More issues than solutions

In comparison to the standard Supercharger cables, which are thick like gas station hoses and sometimes more unwieldy, especially in the cold when they become less flexible, these cables are more flexible and thinner. But now Electrek claims that the EV maker has switched out the experiment cables for the standard thicker cables in Mountain View. Thus, the electric car maker has ended the public experiment.

“We changed the cables to unify service procedures and parts across all current Supercharger sites,” Tesla told Electrek.

This particular Supercharger had been criticized for having offline stalls and slow charging.
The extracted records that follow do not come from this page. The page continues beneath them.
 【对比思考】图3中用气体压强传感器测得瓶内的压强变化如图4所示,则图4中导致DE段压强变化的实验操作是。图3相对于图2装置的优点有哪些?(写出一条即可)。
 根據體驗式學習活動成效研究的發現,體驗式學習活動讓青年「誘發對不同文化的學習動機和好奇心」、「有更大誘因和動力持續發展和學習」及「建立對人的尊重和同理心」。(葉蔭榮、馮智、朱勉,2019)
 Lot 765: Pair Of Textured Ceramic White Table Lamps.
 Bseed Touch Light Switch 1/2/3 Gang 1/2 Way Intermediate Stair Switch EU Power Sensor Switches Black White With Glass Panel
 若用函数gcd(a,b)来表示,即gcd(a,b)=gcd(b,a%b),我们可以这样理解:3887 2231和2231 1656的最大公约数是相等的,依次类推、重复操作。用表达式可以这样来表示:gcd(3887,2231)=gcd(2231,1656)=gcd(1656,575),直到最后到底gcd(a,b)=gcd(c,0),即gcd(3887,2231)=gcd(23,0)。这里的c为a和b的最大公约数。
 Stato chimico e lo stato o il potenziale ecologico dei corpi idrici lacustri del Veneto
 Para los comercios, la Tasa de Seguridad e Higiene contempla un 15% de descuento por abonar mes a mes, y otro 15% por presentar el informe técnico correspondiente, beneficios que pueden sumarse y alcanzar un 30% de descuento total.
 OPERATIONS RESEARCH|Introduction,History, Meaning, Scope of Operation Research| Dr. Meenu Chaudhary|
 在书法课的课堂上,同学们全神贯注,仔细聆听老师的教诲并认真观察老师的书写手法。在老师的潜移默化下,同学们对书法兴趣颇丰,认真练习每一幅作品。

A Plugshare user noted late last year, “Early afternoon Tuesday, 9 of 12 stations in use, station 1A being serviced by Tesla personnel. They were working on cable coolant system. Special liquid cooled cable is about 3/4 in diameter. Computer History Museum is quite impressive, including live demo of working Babbage Differential Engine.”

There were more complaints in the thread, but honestly, not more than there are for a typical high traffic Supercharger, says Electrek. It should be noted that the liquid-cooled nature of the cable introduces more points of failure and more complexity.
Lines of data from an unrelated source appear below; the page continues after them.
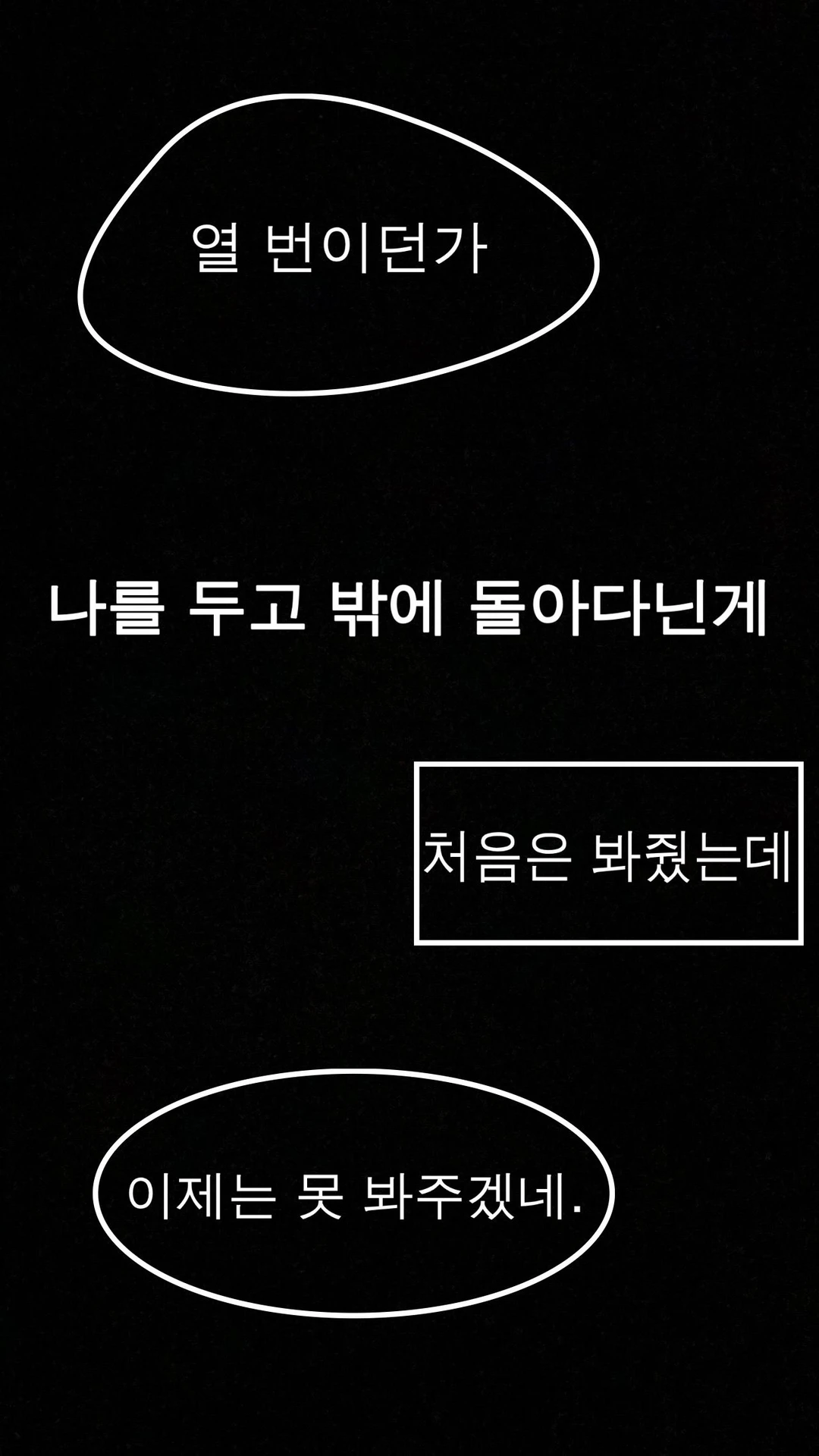 내 문자에 급히 달려왔나 싶을 정도로 목선을 타고 흘러내리는 땀과 땀으로 약간 젖은 머릿결로 거칠게 현관문을 열고 오는 너에 터벅 터벅 무거운 발걸음 소리가 너에게 닿았다. 몇 번째더라? 으음, 한… 열 번 되나. 그런 예쁜 몸뚱아리로 어딜? 여자도 아니고, 뭐 남친이라도 되는 건가.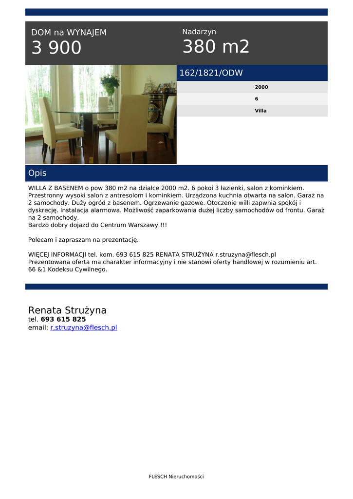 DOM na WYNAJEM 3 900 Nadarzyn 380 m2 162/1821/ODW 2000 6 Villa Opis WILLA Z BASENEM o pow 380 m2 na działce 2000 m2. 6 pokoi 3 łazienki, salon z kominkiem. Przestronny wysoki salon z antresolom i kominkiem. Urządzona kuchnia otwarta na salon. Garaż na 2 samochody. Duży ogród z basenem. Ogrzewanie gazowe. Otoczenie willi zapwnia spokój i dyskrecję. Instalacja alarmowa. Możliwość zaparkowania dużej liczby samochodów od frontu. Garaż na 2 samochody. Bardzo dobry dojazd do Centrum Warszawy !!! Polecam i zapraszam na prezentację. WIĘCEJ INFORMACJI tel. kom. 693 615 825 RENATA STRUŻYNA [email protected] Prezentowana oferta ma charakter informacyjny i nie stanowi oferty handlowej w rozumieniu art. 66 &1 Kodeksu Cywilnego. Renata Strużyna tel. 693 615 825 email: [email protected] FLESCH Nieruchomości Powered by TCPDF (www.tcpdf.org)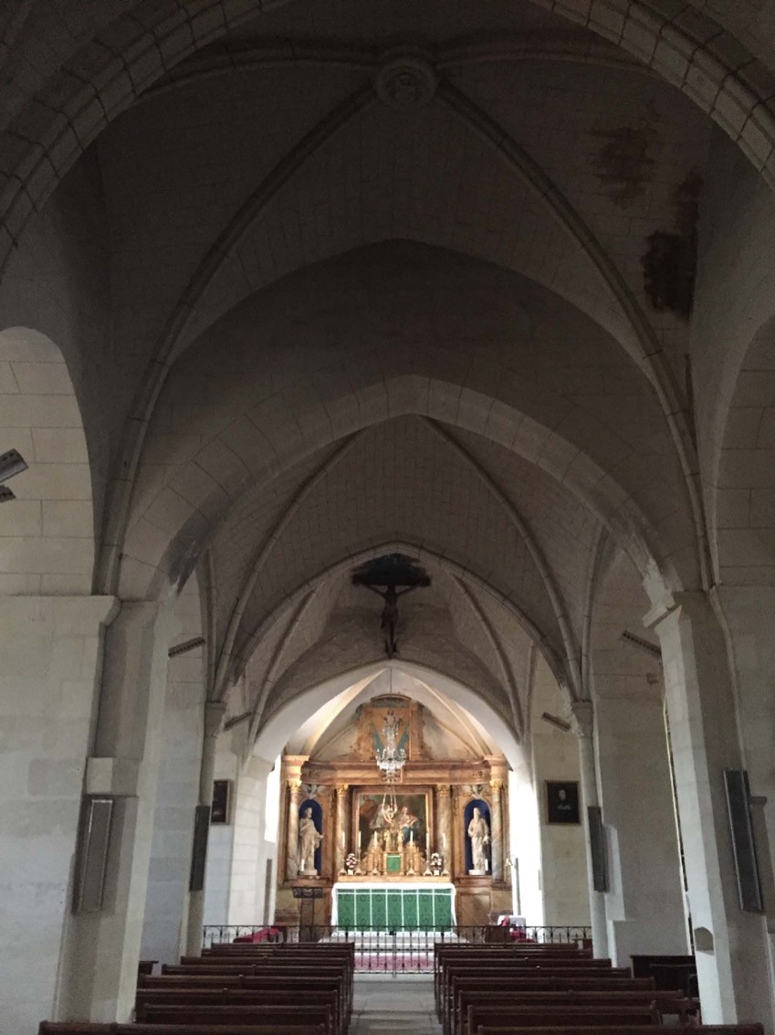 Saint-Pierre-ès-Liens est une église de forme paroissiale ou longitudinale en pierre de tuffeau qui se développe sur 3 vaisseaux et 5 travées. Elle est composée d’un vaisseau central et de deux collatéraux, d’un transept sur deux travées, dont la lecture spatiale n’est pas évidente de l’extérieur. Un arc triomphal (ancien au regard de la stéréotomie) sépare la nef du choeur et comporte en son point le plus haut un Christ en bois jaillissant d’une nuée avec en son centre un tétragramme, l’ensemble est peint en bleu et or. Le choeur est composé d’une voûte d’ogive quadripartite formée d’arcs et de formerets ayant perdu leur point d’appui.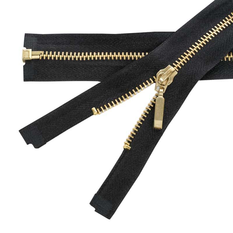 Sárgaréz fogazatú nyitható cipzár. 3 mm széles fém fogazattal rendelkezik, erős és tartós típus. A fém cipzárkocsi nagyon dekoratív (O), és autolock funkcióval van ellátva, így nem tud kinyílni a cipzár véletlenül. A hordozó textilszalag szélessége 3 cm. Alkalmas például ruházati cikkek, kabátok, dzsekik, pulóverek, blézerek készítésénél és javításánál.
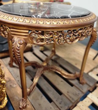 Tavolino rotondo con decorazioni dorate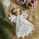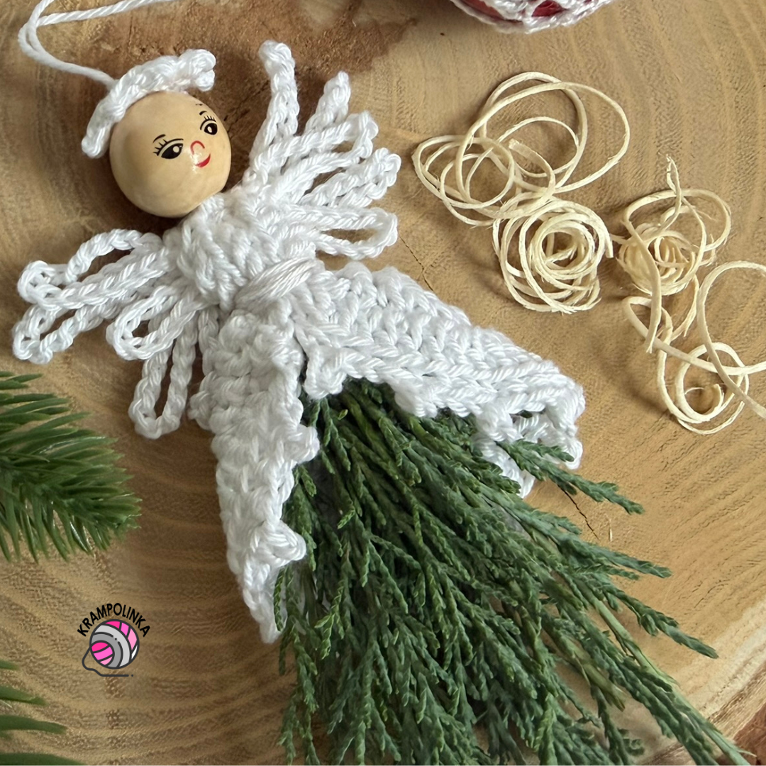 That’s how the Evergreen Angel was born – a small, light, and wonderfully fragrant Christmas decoration that combines crochet with a touch of nature. The Evergreen Angel is crocheted using Vlna Hep Camilla or Schachenmayr Catania yarn (50 g / 125 m, 100% cotton). If you manage to find cotton yarn with a delicate lurex thread, your angel will look even more festive and will beautifully sparkle in the Christmas lights.

Will Tesla abandon the liquid-cooled cables?

Tesla CTO JB Straubel said in an interview that battery charging tech is going to get substantially quicker than it is now. In the interview with MIT Technology Review, he said it is not going to happen in year from now, and it is going to be hard, but he thinks they can get down to five to ten minutes for a full charge, which is currently at 20-40 minutes. He noted that the current superchargers, which deliver 120 kilowatts of electricity, seemed crazy even 10 years ago. In comparison, conventional public charging stations deliver well under 10 kilowatts.

At last year’s shareholder meeting, Tesla Chief Executive Elon Musk discussed this cable a few hundred feet away in the Computer History Museum, says Electrek. Musk mentioned that not only does this technology allow the cable to carry more lead, but it also thins/lightens the wires and makes them more flexible. The ability of the cable to carry more load was notable, especially because the electric car maker has been raising the amount of power quietly, which is now at 145kW.

The U.S.-based automaker may not abandon the technology, as liquid-cooled cables are a “key” technology for it, says Electrek.